Generally Accepted Accounting Principles (GAAP) allow more flexibility than is implied by the term “principles.” (Perhaps for more liberal managements, Generally Accepted Accounting Suggestions (GAAS) might be a more appropriate guideline.) Finally, you might think that such gamesmanship would be dying along with the stock prices of so many practitioners. But the second quarter earnings release of one company began with the headline, “(Company) reports second quarter pro forma recurring adjusted earnings before interest, taxes, depreciation, and amortization up 33%….”. Sounds promising, but unfortunately buried in the release was the news that the actual net loss was over $600 million. The stock fell nearly 20% on the day. It may be getting more difficult to hide the bad news. We will continue to search for businesses whose managers use accounting to inform shareholders of actual results as opposed to a tool to obscure weaknesses or create illusions of greater growth and profitability.

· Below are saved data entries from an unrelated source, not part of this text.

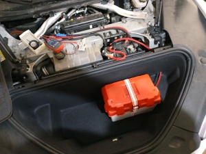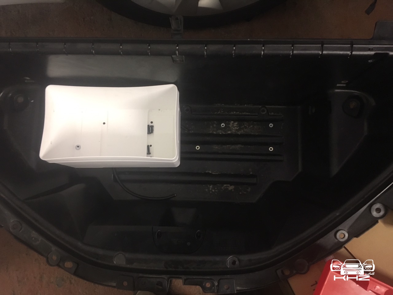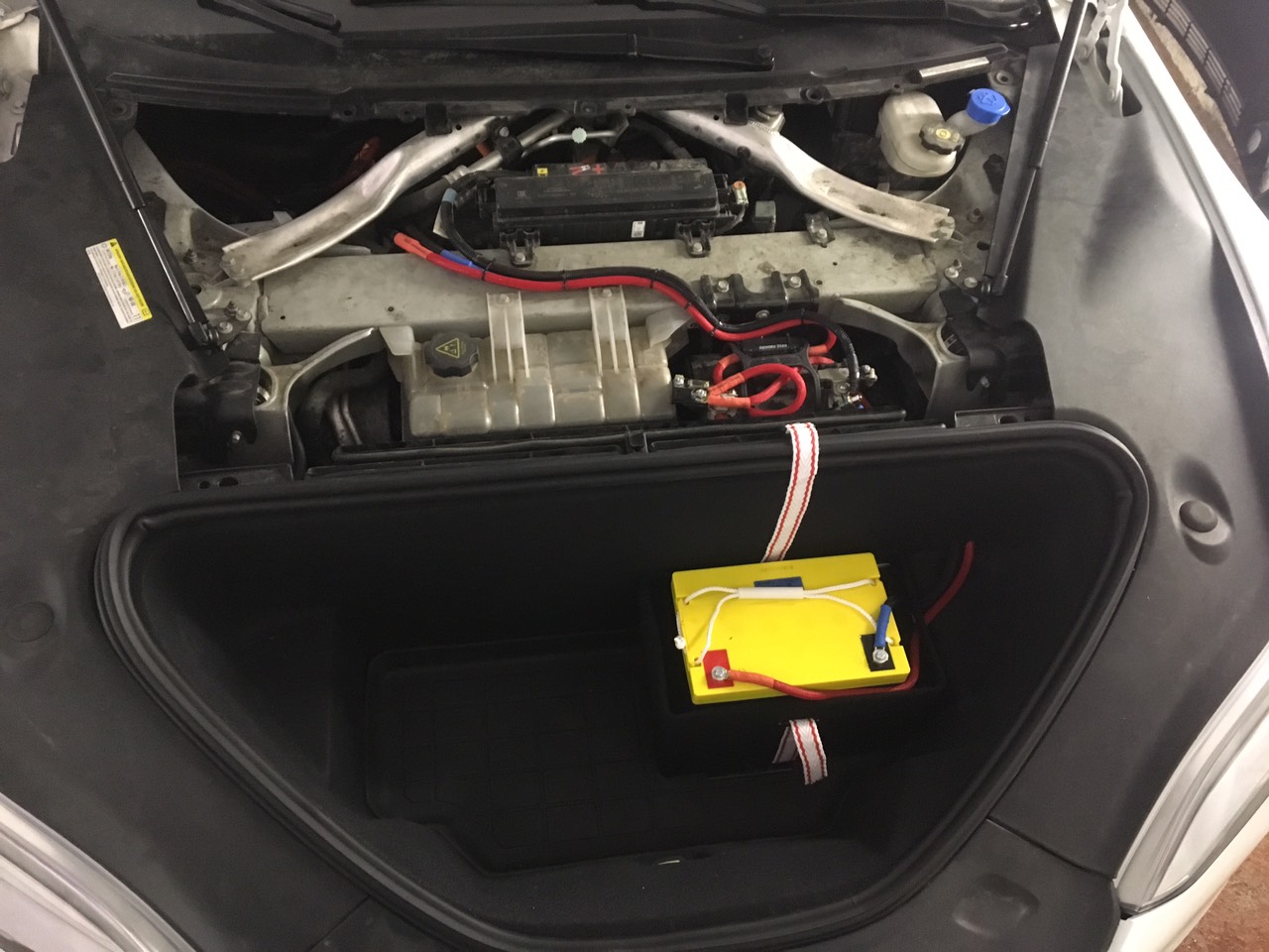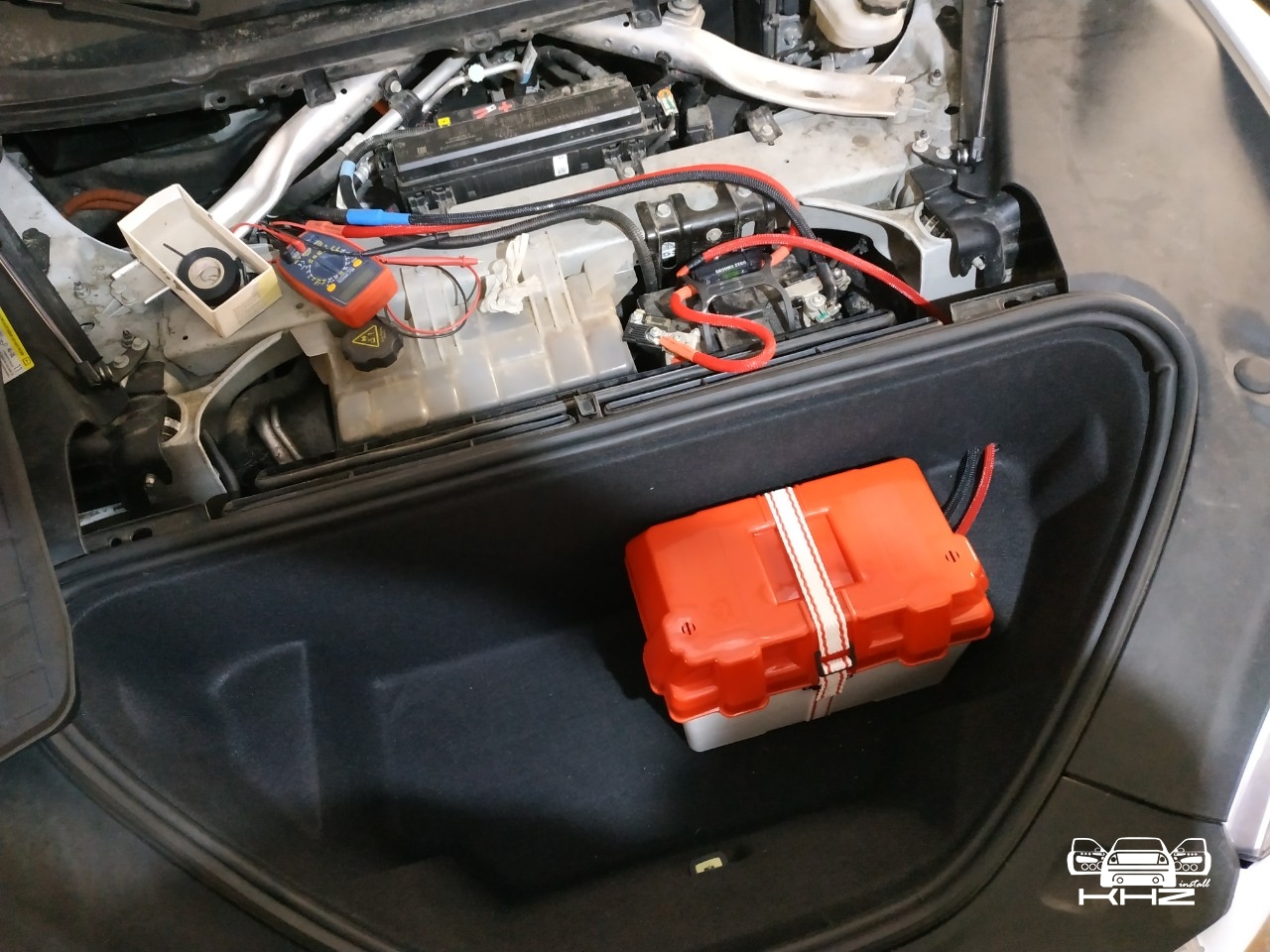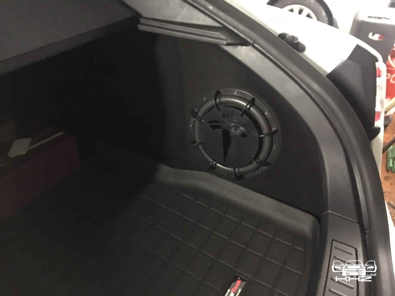 Друзі ми встановили підсилювачі та акустику, задню акустику ми не чіпали, так як вона буде чисто для підзвучки, так як система цілеспрямована на водія! Так само після встановлення цієї системи споживання енергії зросло в рази, тому, щоб не перевантажувати маленький акумулятор автомобіля Tesla Model S, було ухвалено рішення додати ще один якісний тяговий AGM акумулятор, щоб уникнути просадок і постійному навантаженні пускового акумулятора, ми провели мідні дроти від заводського підсилювача і запаралелили їх, а ще встановили спеціальний кейс для акумулятора Tesla S, і закріпили його в ніші під капотом. Спочатку бокс був біло-червоного кольору, але замовник попросив зробити його чорним, зробили)) Закріпили кейс добре за допомогою спеціальних кріплень.
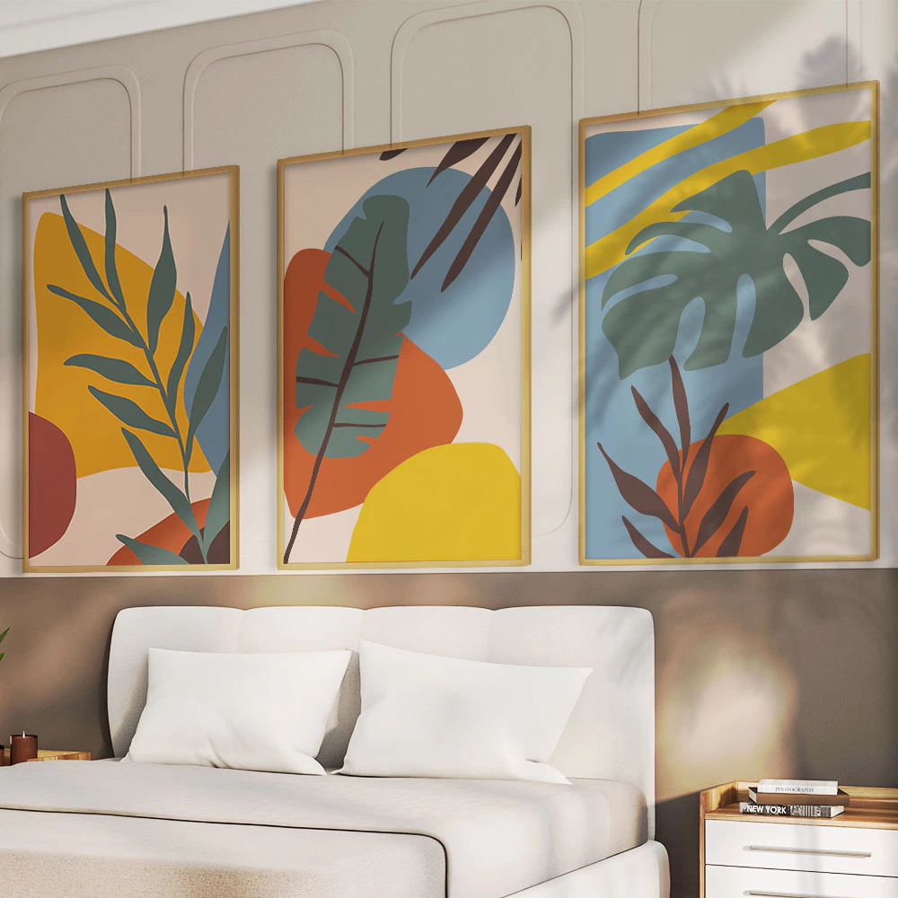 Kit 3 Quadros Decorativos Florais Minimalista Colorido
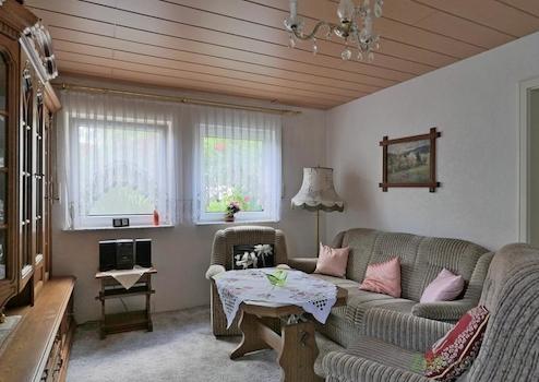 ### Please note the availability date! Bitte das Verfügbarkeitsdatum beachten! ### preiswerte möblierte Wohnung in EF-Salomonsborn mit separatem Hauseingang; ruhige Wohnlage, Sitzecke im Garten; WLAN und PKW-Stellplatz; Wohnzimmer mit großer Couch, Sessel, rustikaler Schrankwand, Sideboards und TV; kleines Schlafzimmer zum Garten; separate Küche mit kleinem Esstisch, Bad mit Dusche und WC, Wäschewechsel inklusive; keine Waschmaschine vorhanden; wird nur an 1 Person und Wochenendheimfahrer vermietet; Pauschalmiete 530,00 Euro; Kaution 800,00 Euro; Mindestmietdauer 3 Monate; Endreinigung Mietersache; Pflichtangaben zum Energieausweis: Energieausweis gültig bis: 27.06.2033; Baujahr Gebäude: 1995; Energieausweis: nach Verbrauch; Energieverbrauch: 89.7 kWh/(m²a); Energieeffizienzklasse: C; Primärer Energieträger: Erdgas H
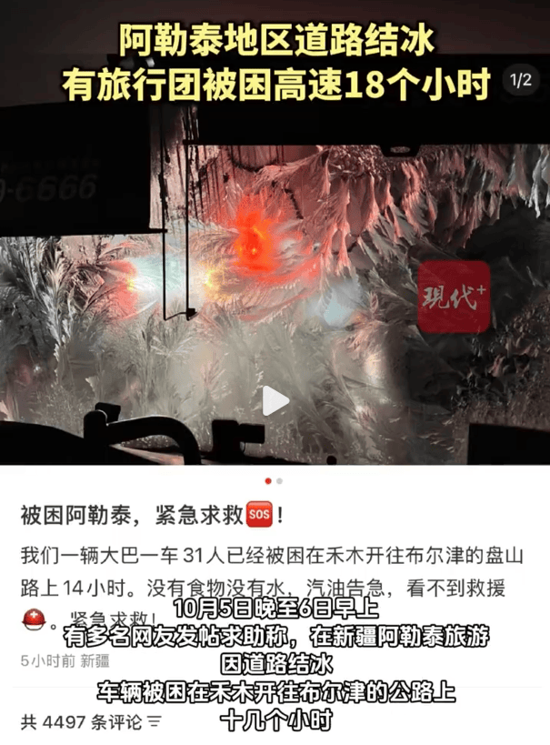10月5日晚至6日早上,有多名网友发帖求助称,在新疆阿勒泰旅游,因道路结冰,车辆被困在禾木开往布尔津的公路上十几个小时。
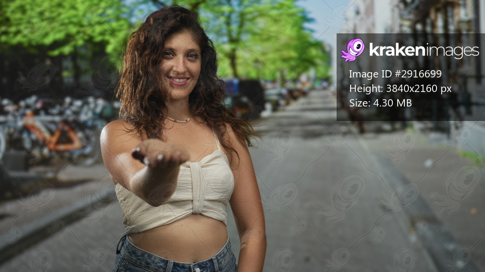 Woman extending palm forward and showing midriff on a sunny city street while smiling and holding out her hand; friendly welcome.
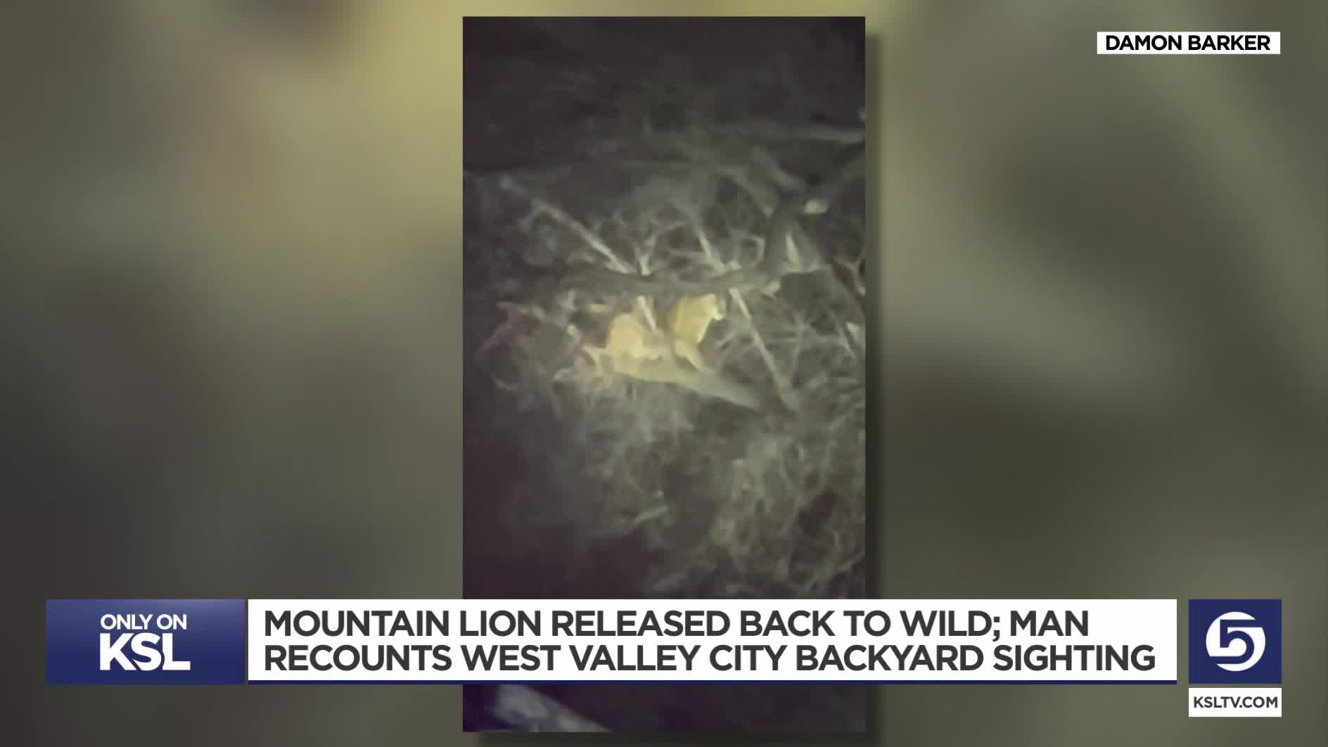 "As I was talking on the phone, I was staring up there the whole time, then seeing the tail move … that's a freaking mountain lion," Barker said in an interview with KSL-TV on Friday.

While we generally feel that stock market prognostication should be labeled “for amusement only” and we have little faith in our own or other market predictions, a comparison of long-term historic valuations with current valuation levels across nearly all metrics argues for an extended period of moderate overall returns. If it occurs, though perhaps frustrating, it would not be entirely unwelcome and hardly unprecedented. In the five years from 1990 through 1994, before the markets began the extraordinary run in 1995, the S&P 500 had an annual total return of 8.7%. By the end of this period we had accumulated a very strong group of attractively priced securities. We would welcome similar opportunities, which will undoubtedly arise if the market remains subdued.